## ACTIVITY
Copy out the data exactly, leaving the pictures behind.

DATASET SECTION Block Start

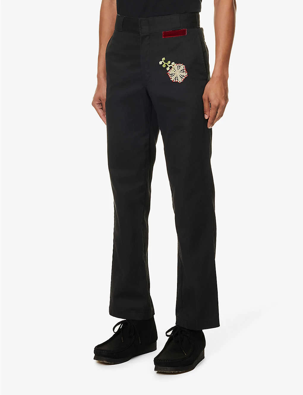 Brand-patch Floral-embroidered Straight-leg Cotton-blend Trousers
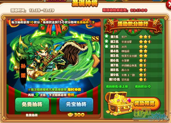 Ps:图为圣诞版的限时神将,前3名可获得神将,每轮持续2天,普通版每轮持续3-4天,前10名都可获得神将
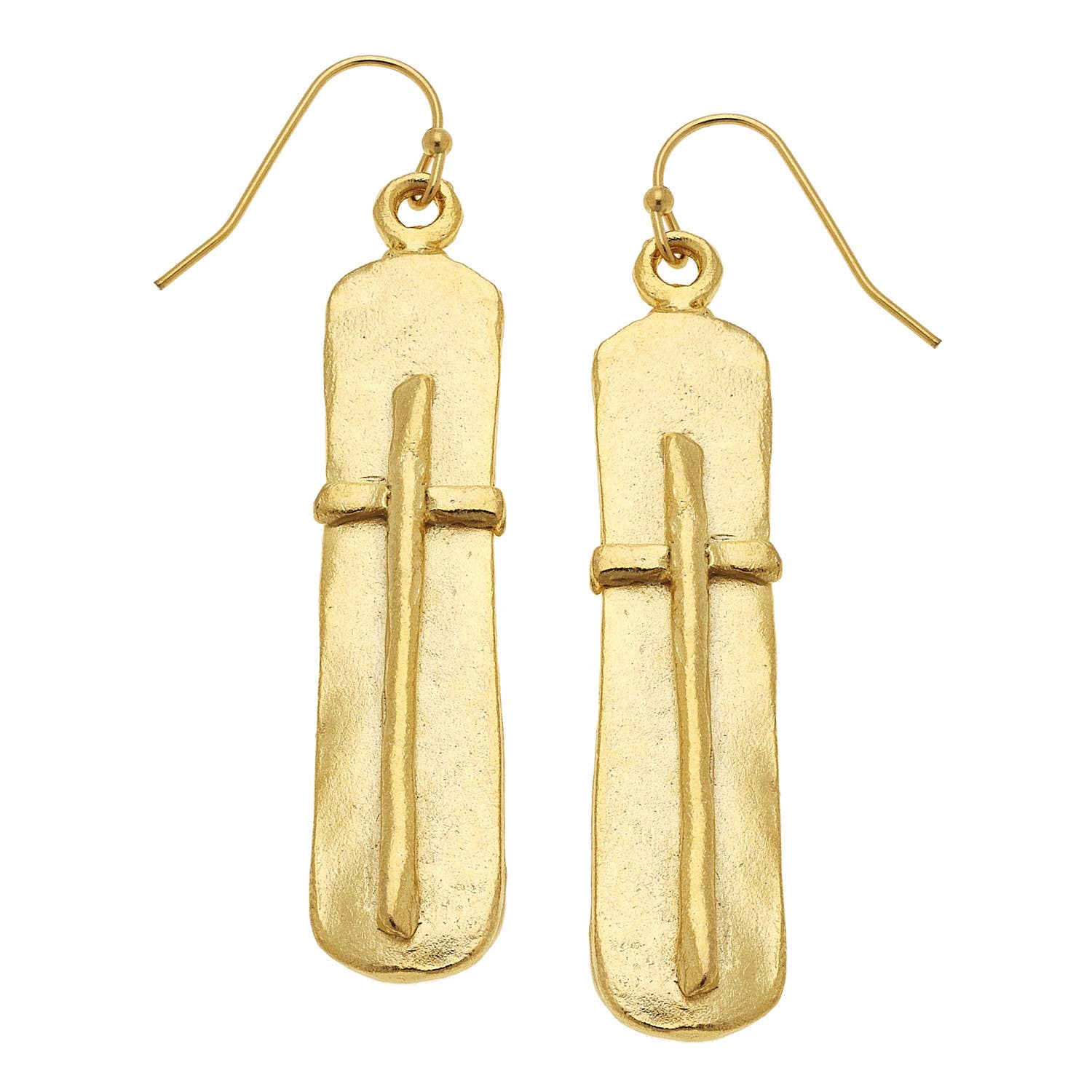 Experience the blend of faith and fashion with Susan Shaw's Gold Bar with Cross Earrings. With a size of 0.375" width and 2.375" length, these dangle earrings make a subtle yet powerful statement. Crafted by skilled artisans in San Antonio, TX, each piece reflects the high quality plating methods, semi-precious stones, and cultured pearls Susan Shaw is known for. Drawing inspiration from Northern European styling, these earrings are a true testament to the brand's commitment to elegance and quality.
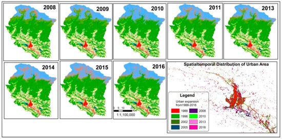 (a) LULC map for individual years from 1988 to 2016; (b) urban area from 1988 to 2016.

DATASET SECTION Block End

## TASK ANSWER
 Brand-patch Floral-embroidered Straight-leg Cotton-blend Trousers
 Ps:图为圣诞版的限时神将,前3名可获得神将,每轮持续2天,普通版每轮持续3-4天,前10名都可获得神将
 Experience the blend of faith and fashion with Susan Shaw's Gold Bar with Cross Earrings. With a size of 0.375" width and 2.375" length, these dangle earrings make a subtle yet powerful statement. Crafted by skilled artisans in San Antonio, TX, each piece reflects the high quality plating methods, semi-precious stones, and cultured pearls Susan Shaw is known for. Drawing inspiration from Northern European styling, these earrings are a true testament to the brand's commitment to elegance and quality.
 (a) LULC map for individual years from 1988 to 2016; (b) urban area from 1988 to 2016.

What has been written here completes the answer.